Exercise brief ▸ Repeat the data word for word, excluding every picture.
BEGIN Data excerpt
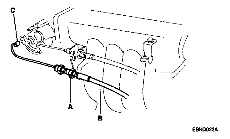 1. Loosen the locknuts (A) and disconnect the actuator cable (B) from the throttle linkage (C).
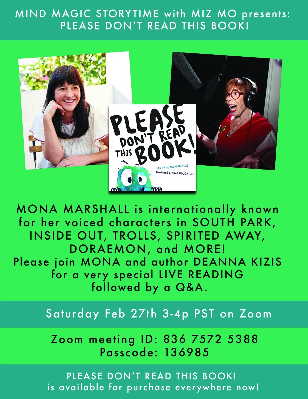 Hope you can join me and voice actor Mona Marshall for a very special live story time. This should be a good one!
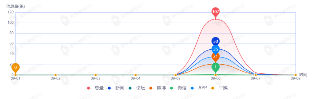 截至目前,该文章在互联网上传播总量111篇。其中9月6日是传播的高峰期,共传播107篇文章。各信源的信息发布情况中,新闻信息占比最大,其次是APP和微博,占比分别为46.85%、32.43%、19.82%。(数据来源:新华睿思数据云图分析平台)
END Data excerpt
Reply to the exercise ▸
 1. Loosen the locknuts (A) and disconnect the actuator cable (B) from the throttle linkage (C).
 Hope you can join me and voice actor Mona Marshall for a very special live story time. This should be a good one!
 截至目前,该文章在互联网上传播总量111篇。其中9月6日是传播的高峰期,共传播107篇文章。各信源的信息发布情况中,新闻信息占比最大,其次是APP和微博,占比分别为46.85%、32.43%、19.82%。(数据来源:新华睿思数据云图分析平台)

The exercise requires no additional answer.